Bruno believed (and praised Copernicus for establishing a scientific explanation for the fact) that the Earth revolves around the sun, and that the apparent diurnal rotation of the heavens is an illusion caused by the rotation of the Earth around its axis. Bruno also held (following Nicholas of Cusa) that because God is infinite the universe would reflect this fact in boundless immensity.
The universe is then one, infinite, immobile.... It is not capable of comprehension and therefore is endless and limitless, and to that extent infinite and indeterminable, and consequently immobile.
Bruno also asserted that the stars in the sky were really other suns like our own, around which orbited other planets. He indicated that support for such beliefs in no way contradicted scripture or true religion.
In 1584, Bruno published two important philosophical dialogues, in which he argued against the planetary spheres (two years later, Christoph Rothmann did the same, as did Tycho Brahe in 1587). Bruno's infinite universe was filled with a substance—a "pure air," aether, or spiritus—that offered no resistance to the heavenly bodies which, in Bruno's view, rather than being fixed, moved under their own impetus (momentum). Most dramatically, he completely abandoned the idea of a hierarchical universe. The Earth was just one more heavenly body, as was the Sun. God had no particular relation to one part of the infinite universe more than any other. God, according to Bruno, was as present on Earth as in the Heavens, an immanent God, the One subsuming in itself the multiplicity of existence, rather than a remote heavenly deity.
Bruno also affirmed that the universe was homogeneous, made up everywhere of the four elements (water, earth, fire, and air), rather than having the stars be composed of a separatequintessence. Essentially, the same physical laws would operate everywhere, although the use of that term is anachronistic. Space and time were both conceived as infinite. There was no room in his stable and permanent universe for the Christian notions of divine creation and Last Judgement.

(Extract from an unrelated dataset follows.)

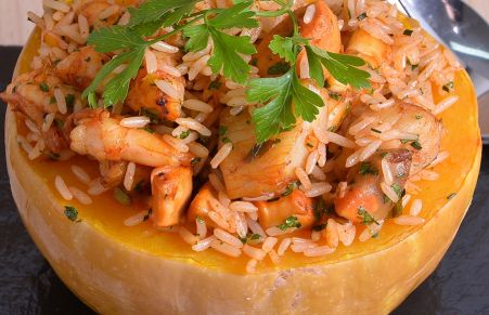 Busca todas las fotos que hemos recibido para esta receta de Calabaza rellena con vieiras, langostinos y arroz.

Under this model, the Sun was simply one more star, and the stars all suns, each with its own planets. Bruno saw a solar system of a sun/star with planets as the fundamental unit of the universe. According to Bruno, an infinite God necessarily created an infinite universe, formed of an infinite number of solar systems, separated by vast regions full of aether, because empty space could not exist (Bruno did not arrive at the concept of a galaxy). Comets were part of a synodus ex mundis of stars, and not—as other authors maintained at the time—ephemeral creations, divine instruments, or heavenly messengers. Each comet was a world, a permanent celestial body, formed of the four elements. Bruno's cosmology is marked by infinitude, homogeneity, and isotropy, with planetary systems distributed evenly throughout. Matter follows an active animistic principle: it is intelligent and discontinuous in structure, made up of discrete atoms. This animism (and a corresponding disdain for mathematics as a means to understanding) is the most dramatic respect in which Bruno's cosmology differs from a modern scientific understanding of the universe.
During the later 16th century, and throughout the 17th century, Bruno's ideas were held up for ridicule, debate, or inspiration. Margaret Cavendish, for example, wrote an entire series of poems against "atoms" and "infinite worlds" in Poems and Fancies in 1664. Bruno's true, if partial, rehabilitation would have to wait for the implications of Newtonian cosmology.
Bruno's overall contribution to the birth of modern science is still controversial. Some scholars follow Frances Yates stressing the importance of Bruno's ideas about the universe being infinite and lacking geocentric structure as a crucial crosspoint between the old and the new. Others yet see in Bruno's idea of multiple worlds instantiating the infinite possibilities of a pristine, indivisible One a forerunner of Everett's many-worlds interpretation of quantum mechanics.